Overspending is fairly straightforward when it comes to households. It’s a little more nuanced with corporates, but its a lot more convoluted when it comes to governments and nation states.
Here’s a quick rule of thumb, when it comes to governments:
- A country is living beyond its means when its running a current account deficit
- A country is living within its means when its running a current account surplus
How does this relate to governments? It doesn’t.
A country can be running a surplus or a deficit irrespective of whether the government is running a surplus or deficit. It’s really about the balance in the flow of funds between the different sectors in an economy – governments, households and corporations. Just because a government runs a deficit says nothing about whether the country as a whole is living beyond its means.
The role of the government here is really as a counterbalance to the private sector and households – ensuring that national welfare is maximised. In that context:
- A country where both the current account and the government are running a deficit is truly living beyond its means, and you can with ample justification blame the government;
- In a country where the current account is in deficit but the government is running a surplus, you can blame households or corporations, whichever one happens to be running a deficit (and by construction, one of those sectors MUST be running a deficit);
- In a country where the current account is in surplus but the government is running a deficit, the government is absorbing the excessive savings of either households or corporations (i.e. one or both of these sectors are in surplus), without which economic activity would be below potential (i.e. social welfare won’t be maximised);
- In a country running a surplus on the current account as well as the fiscal budget, the government is effectively failing to fully provide for its citizens. One or both corporations and households are saving excessively, and the government is making the situation worse by not dissaving – social welfare is not being maximised, and there is a good argument for expanding government consumption and investment (yes, I’m looking at you, Singapore).
So, what’s the best situation? When both current account and government books are in balance. A current account surplus, no matter whether the government is running a deficit or surplus, means there’s money left on the table, which is going out to be invested somewhere else.
The pseudo-mercantilist notion that surpluses are “good” and deficits are “bad”, ignores the implications on savings, investment and domestic social welfare.

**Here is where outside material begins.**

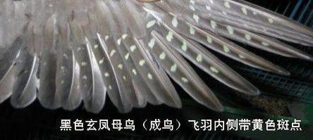 公玄凤鹦鹉飞羽内侧皆为黑色,没有任何的斑点。母玄凤鹦鹉飞羽内侧会有浅黄色的斑点分布;
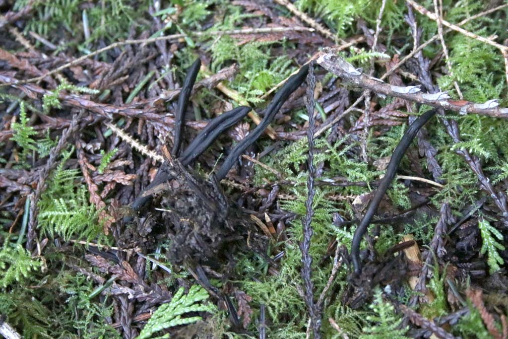 Geoglossum: Neither hairy nor viscid Sometimes brown Geoglossum 'fallax PNW01' - often (but not always) with brown tones (most others are black or almost black). G. fallax has 2 concepts in the EU, one of which occurs in the PNW. The one sequence I have found from NY, the type area, is 4 bp and 2 ambiguities different from our sequences. It's plausible we have the real thing, but for now I have given it a code. Geoglossum PNW06 - also brown and therefore resembling G. fallax (and closely related). I don't know how to tell it apart from PNW01. Always black Geoglossum sp. 'sphagnophilum-PNW02' - black, found in sphagnum moss, although the others can be too. This is a unique sequence that is unverified and should be looked for again. Geoglossum sp. 'sphagnophilum-PNW03' - PNW03 is 4 bp different than an EU sequence that may represent this EU species, and 7 bp different than PNW02. This species was not previously reported from the PNW before they were sequenced, and yet they seem to be the most least uncommon. Geoglossum sp. 'OR01' - a short but unique sequence close to G. sphagnophilum and PNW03 that is getting its own code for now. Geoglossum sp. 'glabrum-PNW04' - blackish. Some considered it a synonym of G. sphagnophila, but it appears that it isn't. Our OR and ID sequences are 2% different than an ENA sequence and 2% different than the closest EU type area sequence match, so it appears our species in the complex needs its own name. Geoglossum sp. 'CA06' - another species in the G. glabrum complex. Geoglossum sp. 'WA01' - Geoglossum sp. 'CA04' - one collection was (probably falsely) identified as G. nigritum EU. Geoglossum sp. 'PNW07' - Geoglossum cf umbratile EU - has been reported from the PNW but no collections match EU sequences yet. Perhaps reports of this represent one of the above species. Geoglossum sp. 'PNW06' © Matthew Koons, G. sp. 'sphagnophilum-PNW02' © Connor Dooley, G. sp. 'sphagnophilum-PNW03' © Jordan Gates (2 images) Geoglossum sp. 'OR01' © Connor Dooley, G. sp. 'glabrum-PNW04' © Michelle Keller-Pearson, G. sp. 'CA06' © iNaturalist user danieltayrien, C. sp. 'WA01' © Dan Morton Geoglossum sp. 'CA04' © Kendra Dedinsky, G. sp. 'PNW07' © Autumn Anglin |

Current account deficits by the same token aren’t necessarily bad, as long as it also implies inflows of capital for investment, and not to fund consumption.
My view of the ETP and its role in pulling in investment and capital imports have always been within this rough framework. Hence, I’m not overly concerned about Malaysia’s declining current account surplus. It’s come from higher imports of capital goods, and not from an increase in imported consumption goods or a decline in exports. Reducing the fiscal deficit shouldn’t be a priority, until and unless private investment fills the savings-investment gap.
Similarly, my views on Singapore are also coloured this way. Running both a current account surplus AND a fiscal surplus suggests insufficient public investment and/or a much higher level of social support that could be afforded. There’s no point in being a rich country, if citizens don’t get the full benefit.